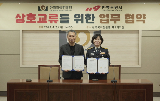 한국국학진흥원은 4월 2일(화) 본원 제1회의실에서 안동소방서(서장 김난희)와 ‘상호 교류를 위한 업무 협약(MOU)’을 체결했다.
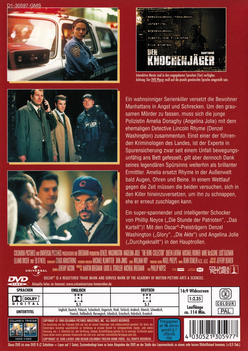 Ein wahnsinniger Serienkiller versetzt die Bewohner Manhattans in Angst und Schrecken. Um den grausamen Mörder zu fassen, muss sich die junge Polizistin Amelia Donaghy (A. Jolie) mit dem ehemaligen Detective Lincoln Rhyme (D. Washington) zusammentun. Einst einer der führenden Kriminologen des Landes, ist der Experte in Spurensicherung zwar seit einem Unfall bewegungsunfähig ans Bett gefesselt, gilt aber dennoch dank seines legendären Spürsinns weiterhin als brillanter Ermittler. Amelia ersetzt Rhyme in der Aussenwelt bald Augen, Ohren und Beine. In einem Wettlauf gegen die Zeit müssen die beiden versuchen, sich in den Killer hineinzuversetzen, um ihn zu schnappen, ehe er erneut zuschlagen kann.
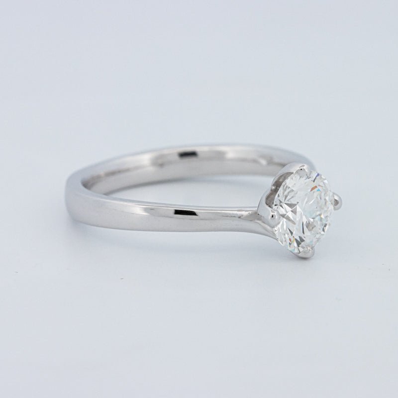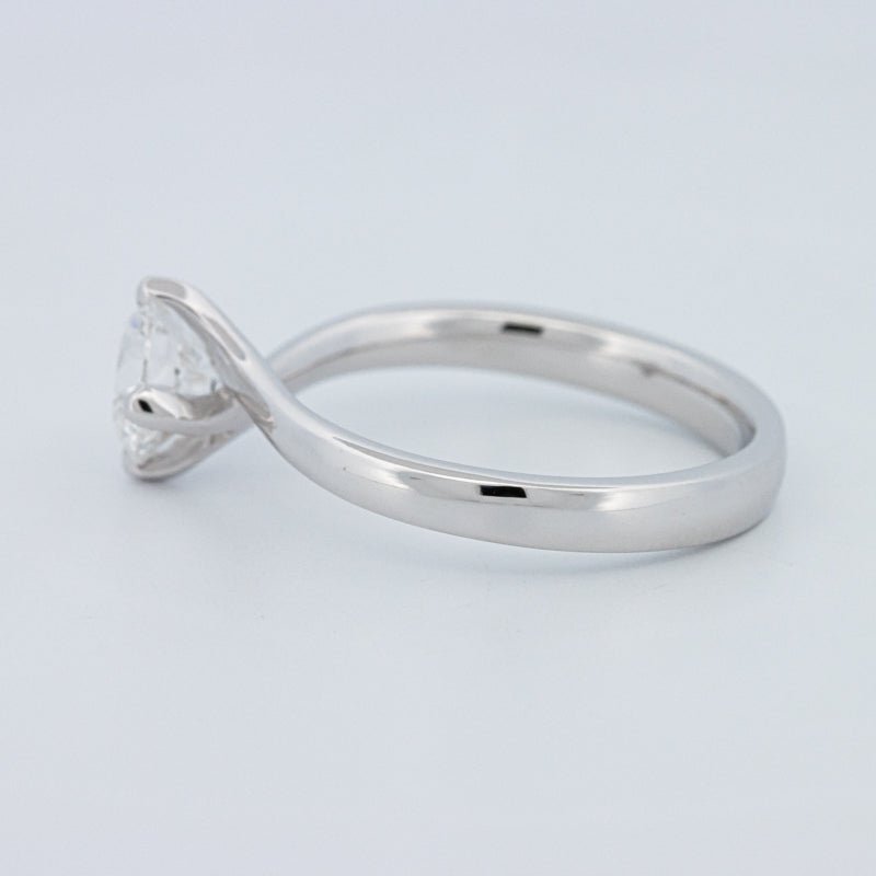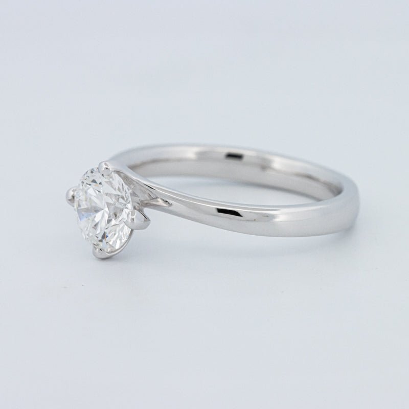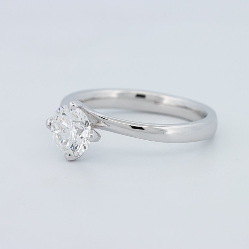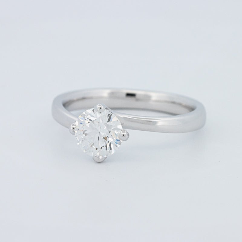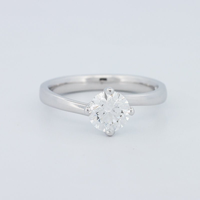 A 1.06 ct E/VVS2 lab‑grown round brilliant sits in a refined twist‑band solitaire, offering crisp white fire and a clean, high‑clarity face‑up.

^^^^^^^^^^^^^^^^

Return only the lines from the start of the data through the line that contains "Ein wahnsinniger Serienkiller", please, copying them exactly and omitting all pictures.

 한국국학진흥원은 4월 2일(화) 본원 제1회의실에서 안동소방서(서장 김난희)와 ‘상호 교류를 위한 업무 협약(MOU)’을 체결했다.
 Ein wahnsinniger Serienkiller versetzt die Bewohner Manhattans in Angst und Schrecken. Um den grausamen Mörder zu fassen, muss sich die junge Polizistin Amelia Donaghy (A. Jolie) mit dem ehemaligen Detective Lincoln Rhyme (D. Washington) zusammentun. Einst einer der führenden Kriminologen des Landes, ist der Experte in Spurensicherung zwar seit einem Unfall bewegungsunfähig ans Bett gefesselt, gilt aber dennoch dank seines legendären Spürsinns weiterhin als brillanter Ermittler. Amelia ersetzt Rhyme in der Aussenwelt bald Augen, Ohren und Beine. In einem Wettlauf gegen die Zeit müssen die beiden versuchen, sich in den Killer hineinzuversetzen, um ihn zu schnappen, ehe er erneut zuschlagen kann.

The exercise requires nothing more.